I like this because it creates moral grey areas: rescuing a ‘‘demonized’' NPC might reveal they were saving villagers all along. It also fuels neat gameplay moments when your choices uncover media manipulation in-world, like discovering an old play that originally praised the very figures now called monsters. That kind of narrative twist keeps me invested—plus it sparks great late-night debates with friends about who the real monsters are.
2025-10-21 07:09:29
9
Nathan
Nathan
Favorite read: Alpha Dark Secret
Library Roamer Photographer
I get pumped thinking about the secret society theory — you know, the idea that a hidden order within the Saints created a doctrinal split centuries ago.

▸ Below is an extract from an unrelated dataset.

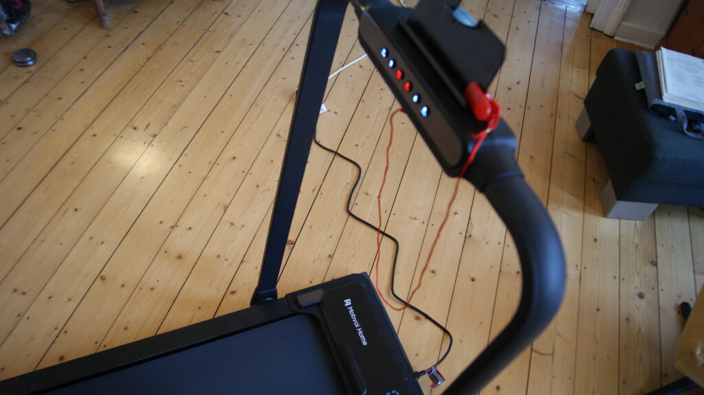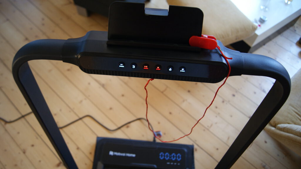Ein praktisches Detail ist die Halterung für Smartphones, die auch bei Vibrationen sicher hält. Sicherheit gibt es ebenfalls: Ein Clip am Hosenbund stoppt das Laufband sofort, wenn man das Gleichgewicht verliert.

Some players argue the order wanted to weaponize darkness to repel an ancient calamity, then suppressed the evidence; now the ruins and forbidden tomes scattered across the map are the smoking gun. Tying into that, there’s a popular spin that the protagonist’s lineage is key: not a chosen one in the cheesy sense, but someone whose bloodline can either amplify or seal the Darkness. That explains NPC reactions and the tons of locked doors that only open with a family crest. There’s also chatter that the relics you collect are fragments of a shattered seal — collect them and you either restore balance or trigger the real final boss. The thrill here is how every side quest feels like piecing together conspiratorial breadcrumbs, and I adore the way the community theorizes which NPCs are secretly allied with the order or playing both sides. It keeps me glued to forums and my save file, genuinely excited to test which rumor survives the next patch.
2025-10-21 10:12:42
2
Ryder
Ryder
Favorite read: Devil's Hand Knight
Frequent Answerer Teacher
A creepy favorite theory among some folks I follow is that the ‘‘devils’' in 'DEVIL'S SAINTS DARKNESS' are actually a corrupted form of the original Saints — not a separate species. I like this one because it flips the morality of the world: what we call holy is infected by ritualized fear and a failed attempt to contain something older than religion. In my head, the rituals that created the Saints were meant to lock away a cosmic darkness, but the process backfired and gave the Saints monstrous, immortality-adjacent traits.

Another angle I keep coming back to is the idea that the Darkness itself is a sentient memetic force. The fragments you find in the lore — half-burnt sermons, childlike drawings, scratched-out genealogies — are actually hints that memory is being rewritten. That would explain NPCs who remember different histories and the way certain regions loop in time. If the Darkness rewrites memory, then every “holy” text becomes a battleground of truth vs. erasure. I love how this mirrors games like 'Berserk' and 'Castlevania' where myth and memory collide; it makes exploration feel like detective work, and I always end up replaying sections just to see how my understanding shifts.